**Dataset section**
=-=-=-=-=
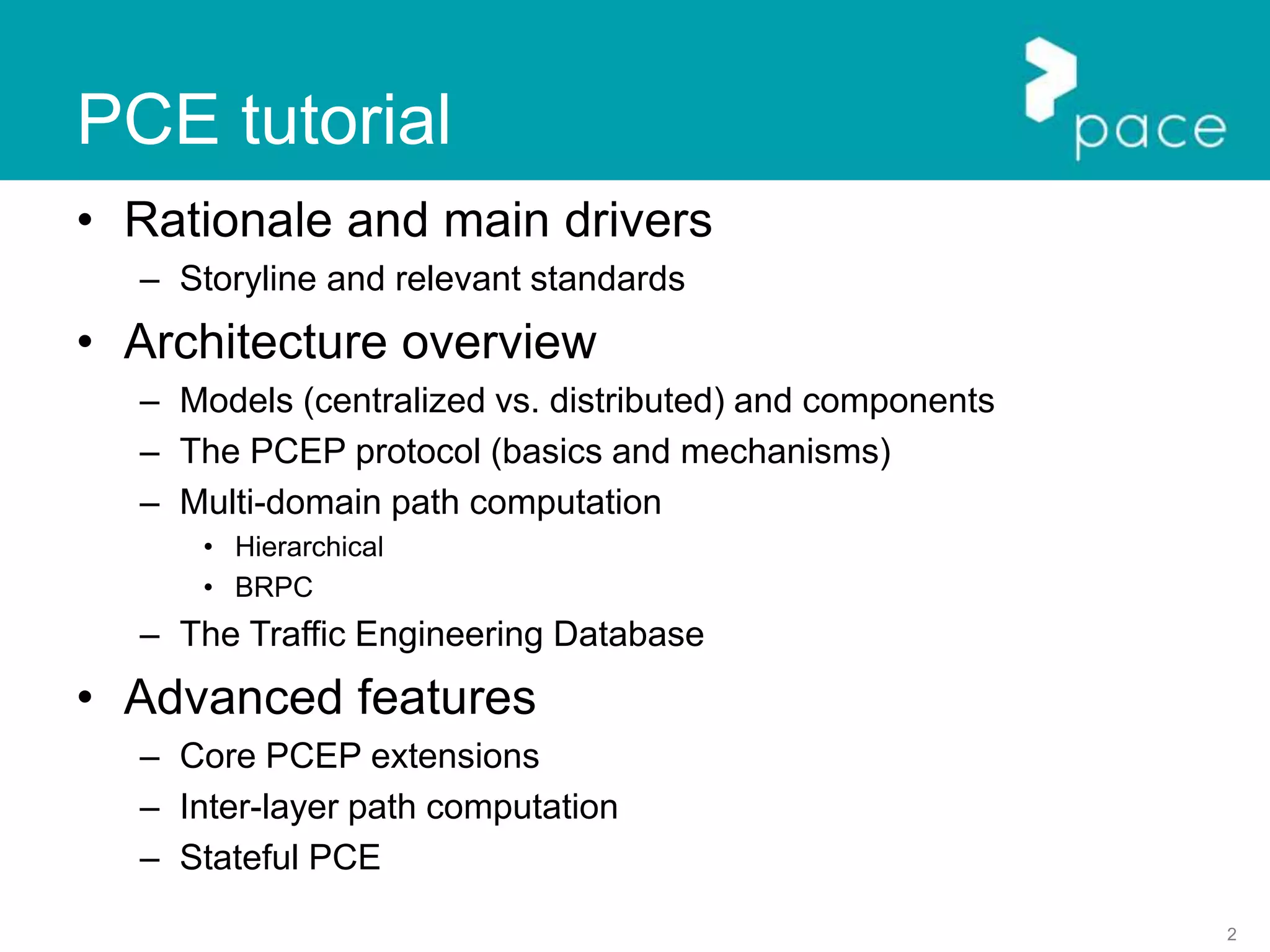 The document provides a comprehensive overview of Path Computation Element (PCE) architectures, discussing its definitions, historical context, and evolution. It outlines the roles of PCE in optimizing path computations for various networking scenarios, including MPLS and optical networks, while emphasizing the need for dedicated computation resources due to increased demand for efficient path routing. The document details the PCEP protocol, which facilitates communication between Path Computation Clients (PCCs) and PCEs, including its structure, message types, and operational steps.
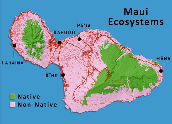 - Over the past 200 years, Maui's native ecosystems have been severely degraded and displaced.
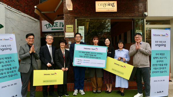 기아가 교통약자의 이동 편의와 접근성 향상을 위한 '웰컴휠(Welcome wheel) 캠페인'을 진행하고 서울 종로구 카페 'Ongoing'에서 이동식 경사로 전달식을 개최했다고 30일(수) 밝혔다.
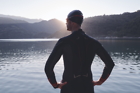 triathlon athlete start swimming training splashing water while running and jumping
=-=-=-=-=
**Problem to work on**
This task calls for restating, word for word, each line from the line holding "기아가 교통약자의 이동" through the end of the material, pictures left out.

**Task answer**
 기아가 교통약자의 이동 편의와 접근성 향상을 위한 '웰컴휠(Welcome wheel) 캠페인'을 진행하고 서울 종로구 카페 'Ongoing'에서 이동식 경사로 전달식을 개최했다고 30일(수) 밝혔다.
 triathlon athlete start swimming training splashing water while running and jumping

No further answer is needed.